25,000 yrs ago how do you mobilize hunter gatherers who spend the whole day to hunt food to work day and night to create an engineering masterpiece?
AFAIK nothing on that scale was ever made by hunter-gatherers, nor has anything like that been dated to 25K years ago. This place is interesting:
Göbekli Tepe - Wikipedia
(about 12K years old)
* The Egyptians were building quite big things 5000+ years ago, but they were already well organized then.
* Gunung Padang has been dated to Roman times (**)
* Nan Madol was started in Viking times (**)
(**) Those two were built at a lower tech level than the comparisons (Roman, Viking) OFC. But much of the world was
well past simple hunter-gather societies by then.
Note that columnar basalt is a
very convenient building material, ideal for moderately organized low-tech societies.
There's no need for large-scale stone shaping because its natural cross-section is hexagonal, with nice flat sides.
Any group with easy access to a source if it would use it for construction, starting with simple structures (dwellings, storage, etc), and scale up as they developed skills and techniques.
People
always take advantage of available, exploitable resources. It would be unnatural if they
didn't.
And how did they erect such massive stones in elevated positions? again coconut fibre is a rather lazy method to explain this away
You're underestimating the quality of coir rope, and possibly the ease with which it can be made.
And perhaps missing something equally important: rope is
extremely scalable, because it's easy to share a large load across many separate ropes. Coir rope was use for rigging in medium-tech wooden ships for centuries (this is an indication of reliability and strength vs size).
The site is composed of up to 50,000 hexagonal columnar basalt blocks, some of which weigh around 650 pounds ( 0.3 tonnes) and others as much as 880 pounds (0.4space 0.4 tonnes).
Given access to wood and stone axes (or better) to shape it, raising columnar stones at these weights would be easy, and while good rope would be handy (and they probably had access to it), it wouldn't be necessary.
Not by building a crane of course: You lift them with levers.
Get a 3-meter-long lever under one end (dig a small hole for the first lift, lift it 20 cm or so, and put a block under it. Do the same at the other end.
Repeat.
A gang of 4 guys could do this at a few minutes per vertical meter.

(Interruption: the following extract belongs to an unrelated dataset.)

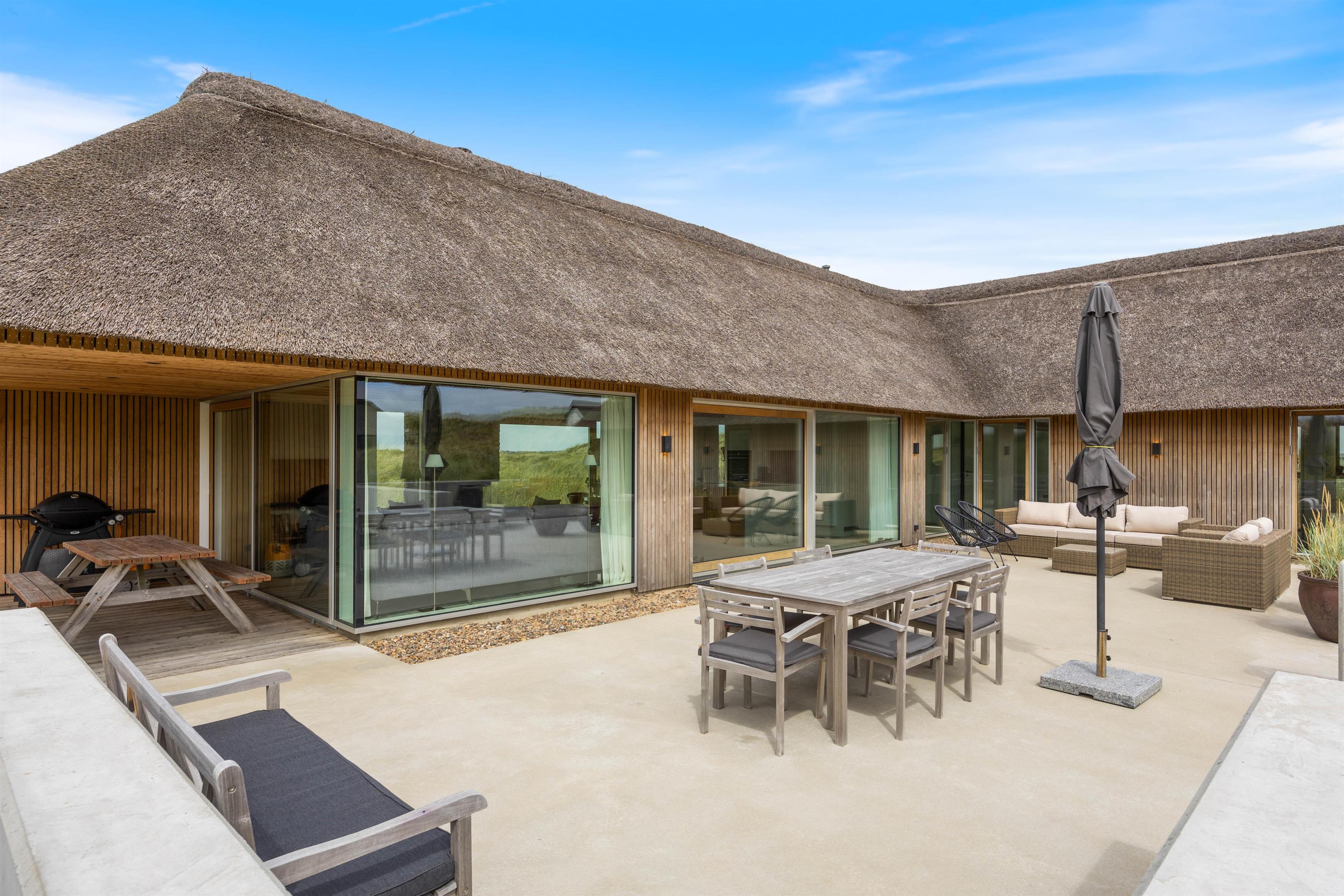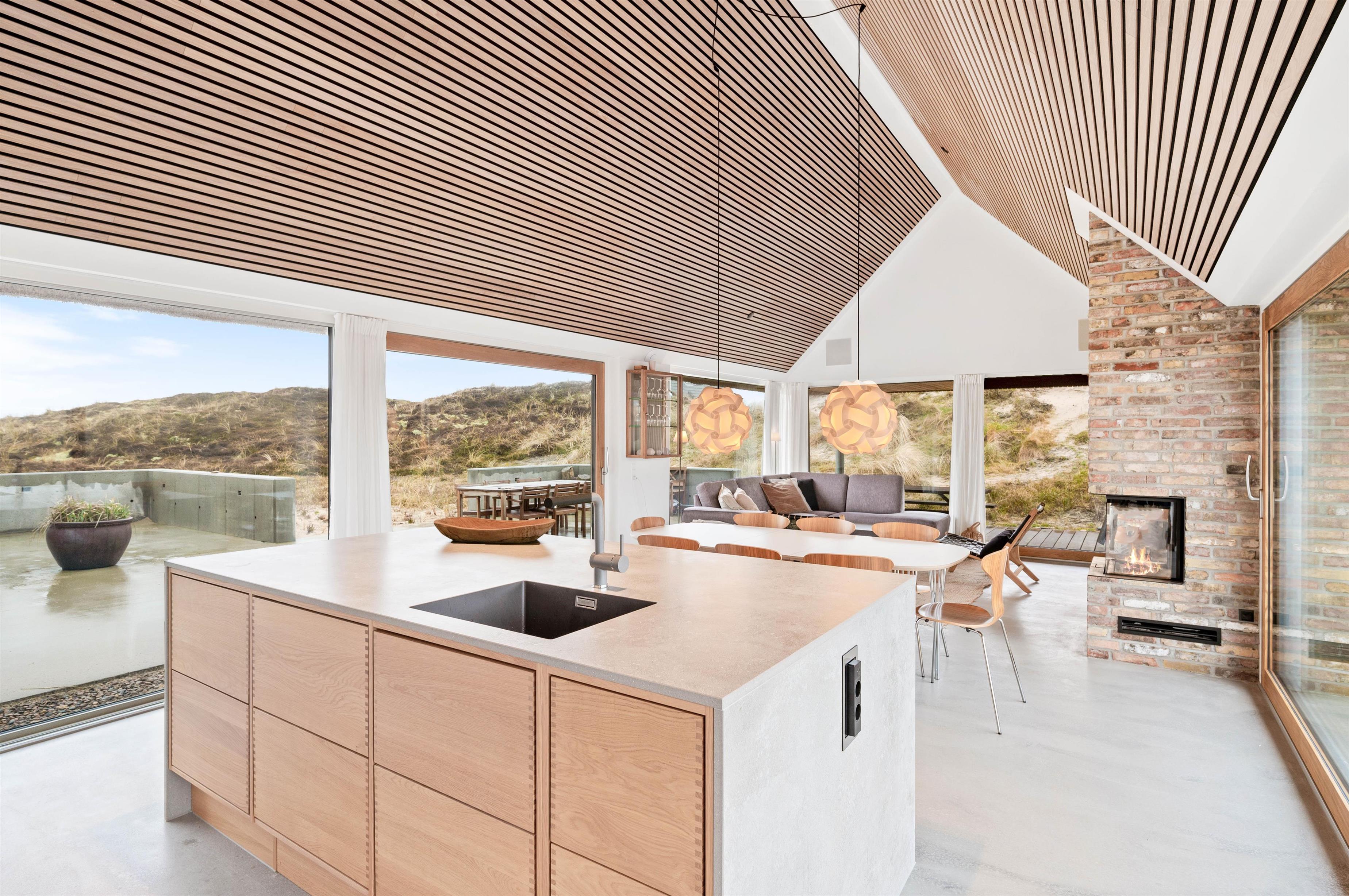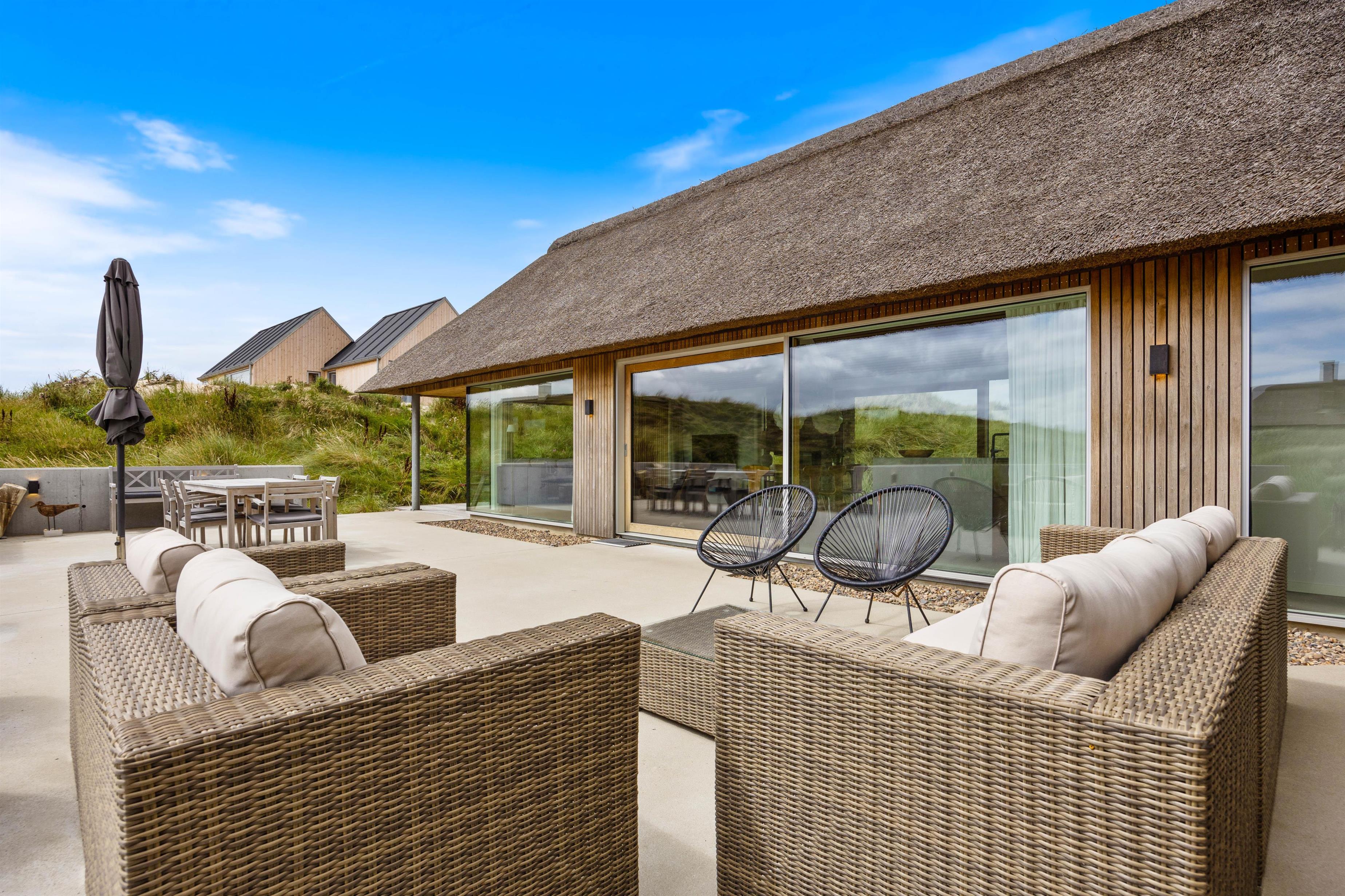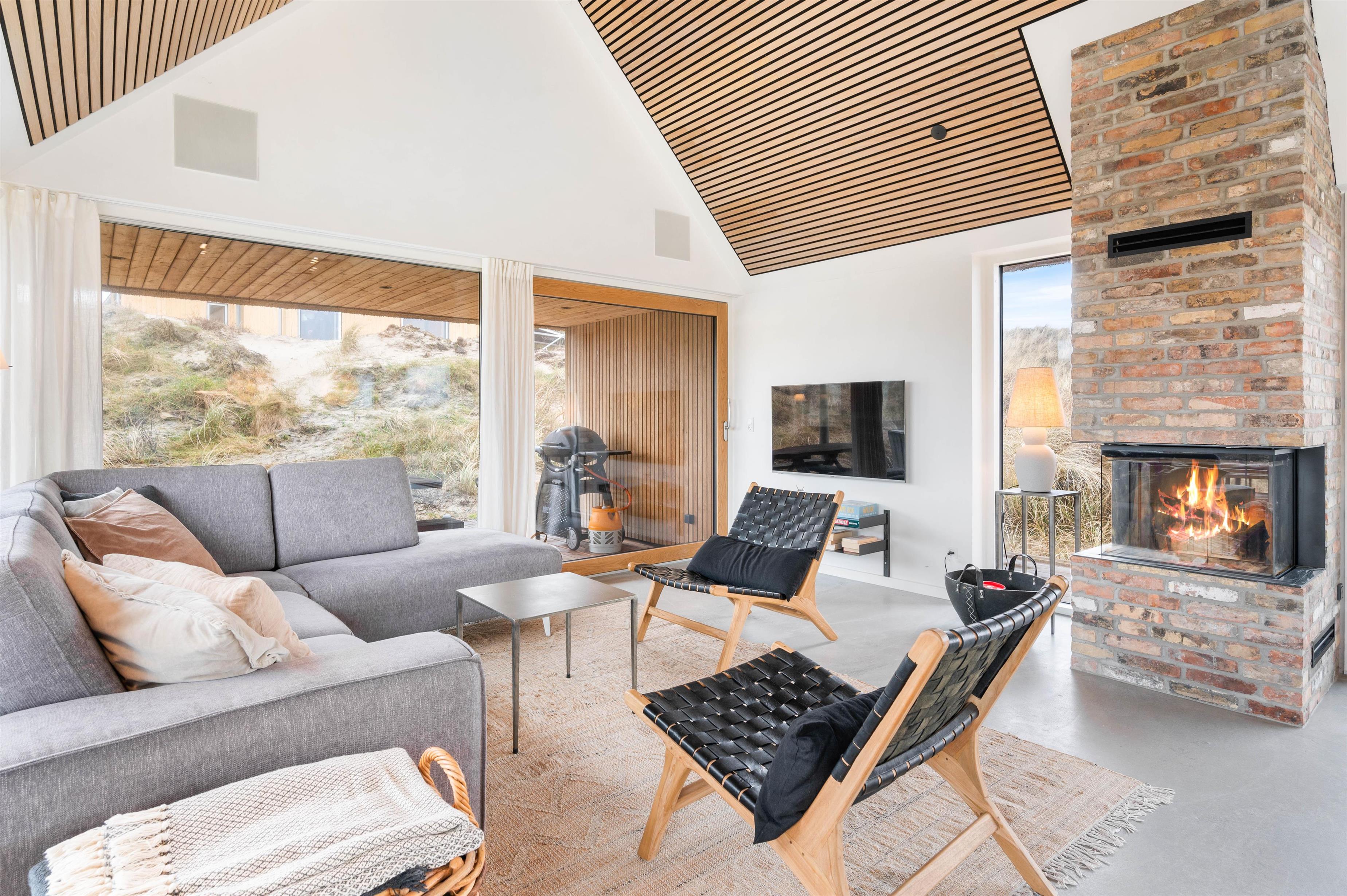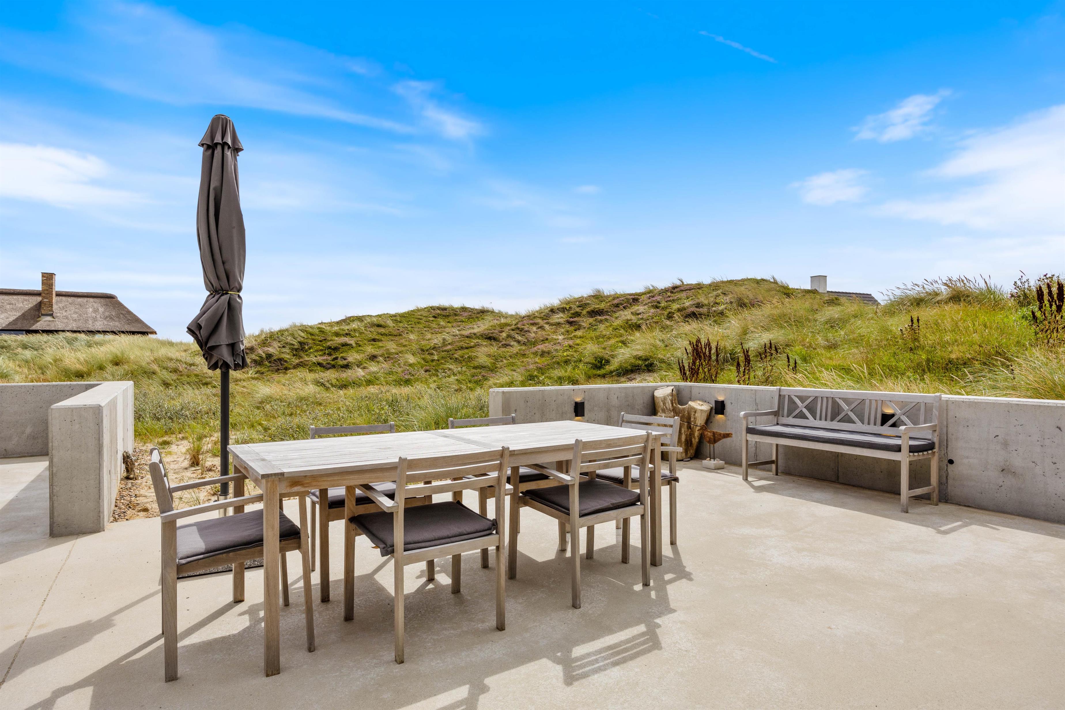 Med kun 450 meter til det brusende Vesterhav kan I på de varme sommerdage tage jer en frisk dukkert i havet og efterfølgende nyde godt af sommerhusets udebruser. Som et lille alternativ til det store Vesterhav råder feriehuset endda også over et koldtvandskar, hvor I kan dyppe kroppen. Uanset hvad I vælger, kan I få varmen igen i udesaunaen.

Pieces of the right kind of wood the size of railway sleepers are easily enough to hold up a multi-tonne object, and you can build the supports quite high.
Modern jacks are easier of course, but wood is actually a great material for the supports.
I've done this (as past of a project that lifted and moved a building about the weight of a 3/4 bedroom house).
We used modern lifting and horizontal jacks of course, but the supports were actual old railway sleepers.
We lifted it high enough to get a suitable truck underneath it for transport, so perhaps 1.5 meters.
The building was somewhere between 5 and 20 tonnes (we needed to know to get a big enough truck, but it was a very long time ago and I've forgotten - probably low double-digits).
This is why I don't see 1- or 2-tonne objects as being difficult for low-tech societies, and a few 10's of tonnes as being possible if they can get a fairly big work gang together.
Up in the hundreds of tonnes, you'd need a lot of prep and organization.
IMO 1000+ tonnes would be possible, but very difficult even for the Romans (who had metal tools, and were very well organized).
For example, at 1000 tonnes, even raising the object vertically a meter or two with a more sophisticated and scaled-up version of the leverage approach I described would be very difficult.
OFC you can lift and move really big objects by e.g. building a boat around them, constructing a big enough pool, connecting it to a canal/river, and floating the whole system.
But you'd definitely prefer to do the same thing with ten conveniently sized modules rather than one huge object.
Big stone pillars were made that way, and some have stood for thousands of years.